> **Exercise brief**
Return the lines below exactly, please, from the one containing "9月,三明市市場監管局聯合市" through the last one, both included, and leave out any pictures.

> **Dataset content**
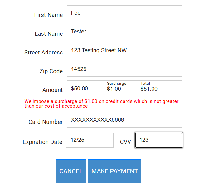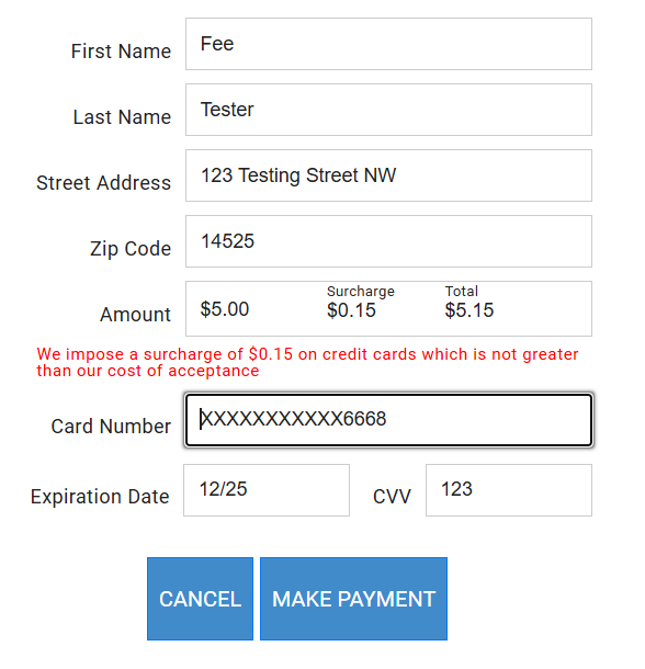 The PayForm widget is a customer facing web form for securely collecting payments. The fee amount and notification message are clearly visible for customers to see.
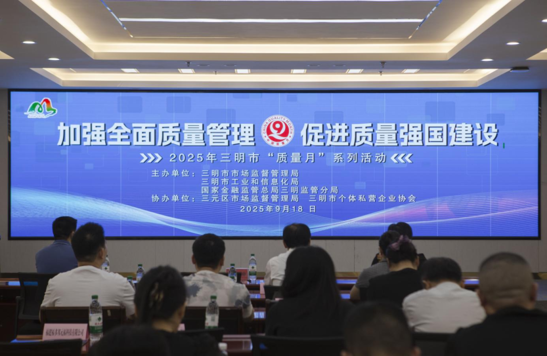 9月,三明市市場監管局聯合市工業和信息化局、國家金融監管總局三明監管分局,以“突出質量標桿引領 拓展質量賦能領域”為主線,組織全市各有關部門、優秀企業、金融機構及認證機構80余位代表,拉開了2025年三明市“質量月”活動的帷幕,為質量強市建設蓄勢聚能。
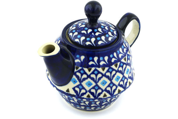 This Blue Diamond Dream 10 oz Tea or Coffee Pot was handmade and hand decorated in Boleslawiec, Poland by skilled artisans according to old traditional methods. This Polish stoneware is microwave, dishwasher, freezer, and oven safe up to 480°F. It does not contain lead or cadmium. It is part of the Blue Diamond Dream Collection.
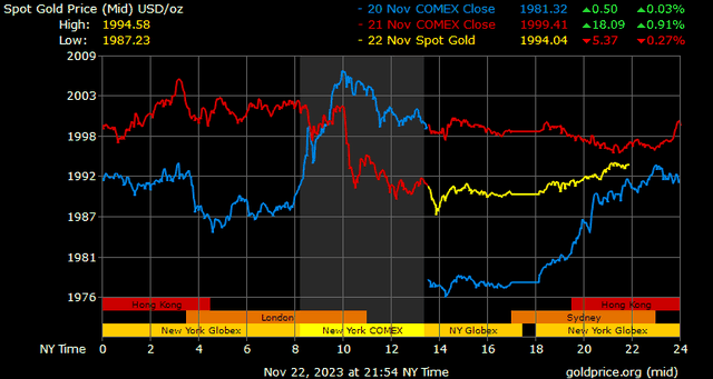 Giá vàng tương lai giao tháng 12/2023 trên sàn Comex New York giảm 8,8 USD, tương ứng giảm 0,44% xuống 1.992,8 USD/ounce.

> **Solution for this problem**
 9月,三明市市場監管局聯合市工業和信息化局、國家金融監管總局三明監管分局,以“突出質量標桿引領 拓展質量賦能領域”為主線,組織全市各有關部門、優秀企業、金融機構及認證機構80余位代表,拉開了2025年三明市“質量月”活動的帷幕,為質量強市建設蓄勢聚能。
 This Blue Diamond Dream 10 oz Tea or Coffee Pot was handmade and hand decorated in Boleslawiec, Poland by skilled artisans according to old traditional methods. This Polish stoneware is microwave, dishwasher, freezer, and oven safe up to 480°F. It does not contain lead or cadmium. It is part of the Blue Diamond Dream Collection.
 Giá vàng tương lai giao tháng 12/2023 trên sàn Comex New York giảm 8,8 USD, tương ứng giảm 0,44% xuống 1.992,8 USD/ounce.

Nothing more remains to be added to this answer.